И вот пришло толстое заказное письмо. Помолились, вскрыли. Сам герой дня не знал, куда руки девать от волнения, на этот раз торопил читать. В ребра подталкивали — читай поживее! Кроме личного послания законной супруги в конверте была также официальная резолюция революционного станичного сбора за номером таким-то. Под клятвенным заверением с упоминанием Господнего имени, что, мол, никаких мер против такого-то казака принято не будет стояла внушительная лиловая печать, и весь лист был испещрен множеством подписей. Адресата хлопали по спине, галдели орали, кто-то сбегал за водкой, и помнится мне, что «чтец-декламатор» в тот вечер вылез из куреня на четвереньках.

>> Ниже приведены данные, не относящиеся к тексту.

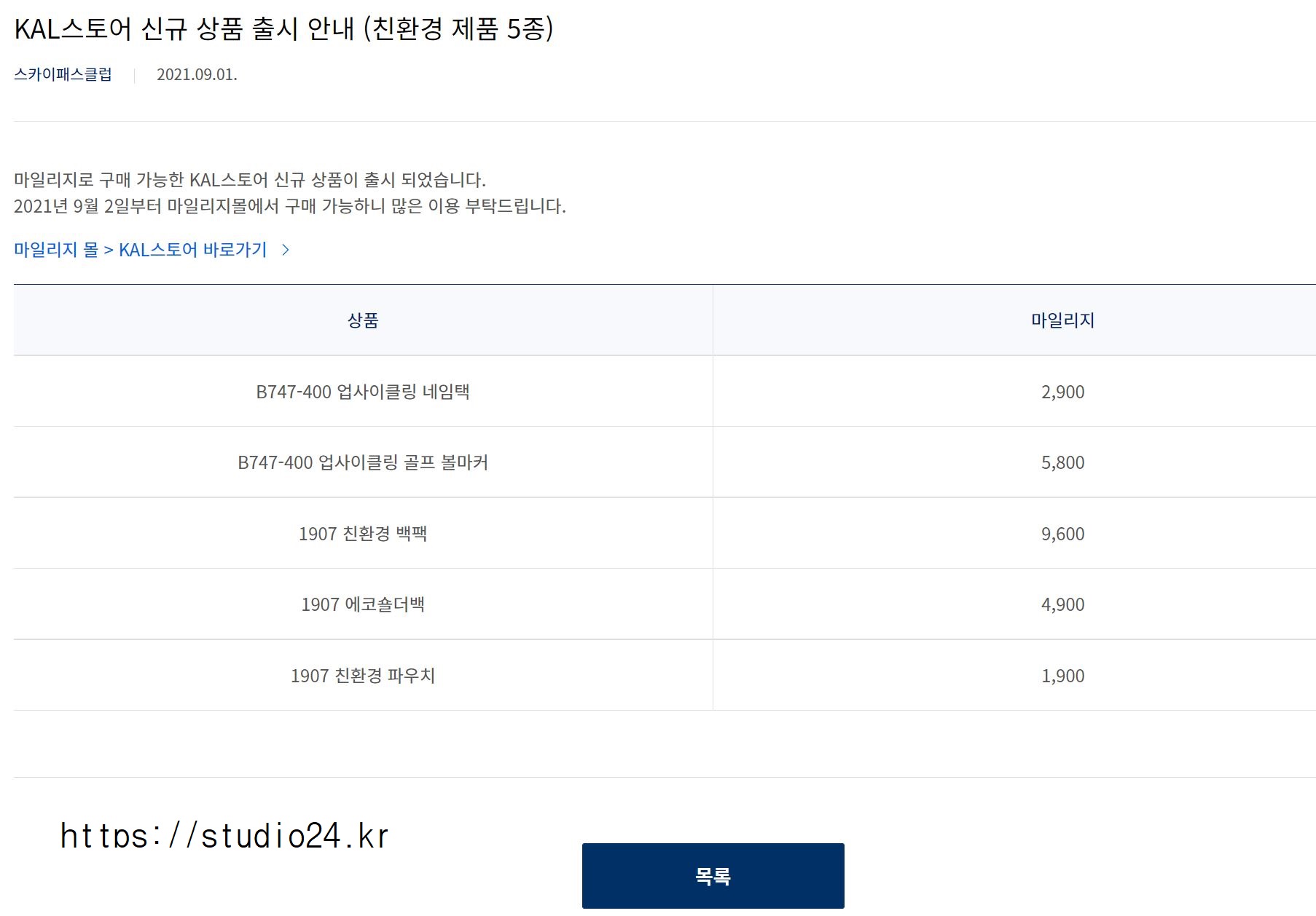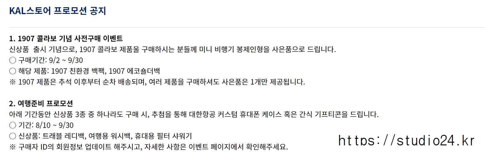 KAL 스토어 프로모션 공지가 나오면서 상품이 등장!

А через неделю было снова «чаепитие» и вот по какому поводу. Что ни день, адресат доставал письмо, перечитывал, каждую подпись внимательно разглядывал, раздумывал, и в конце объявил нам, что… не едет! Удивились все, загалдели. А он нам обстоятельно объяснил все до точечки. Сначала прочитал нам снова все фамилии подписавшихся, а потом, хитро оглядев всех, задал вопрос: а где же подпись Ханжонкова? Подумали мы, действительно странно — а где же подпись Ханжонкова, коли такой был? «А вот я вам сейчас доложу», — сказал внушительно адресат. «Все здесь в этой бумаге прописаны, все до одного с одного краю станицы до другого, и даже комиссар руку приложил. Значит это, что все торжественно поклялись, что мне ничего дурного не будет, а что Ханжонкова касается — так комиссар ему шепнул — не подписывай, значит, бумаги, а вот когда этот самый казачина прибудет — ты его из винтовочки — бац, и готово!» Против такого, не лишенного логики, довода, спорить мы не стали, к тому же обрадовались станичники, что снова все вместе одной семьей будем жить. Вот так и закончилась эта эпопея.

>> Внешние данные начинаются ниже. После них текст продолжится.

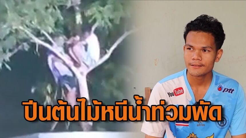เปิดใจนาทีระทึก 2 หนุ่มปีนต้นไม้หนีน้ำท่วมอุดรธานีพัดแรง

Перед моим отъездом я простился с ними, а Петрович даже пошел провожать меня. Мы стояли на улице и разговаривали. Мимо нас прошла общая знакомая казачка, очень полная, средних лет женщина. Мы поздоровались, а когда она прошла дальше я заметил: «Милая она, симпатичная женщина», на что Петрович невозмутимо ответил:
«Да, Карповна — она дама душевно спокойственная, да и на ногах утепистая…»
Больше я никого из дедов не встречал, а хотелось бы знать куда раскидала по свету Судьба милых обитателей «куренька».
Н. Воробьев. Калифорния
© “Родимый Край” № 116 МАЙ – ИЮНЬ 1975 г.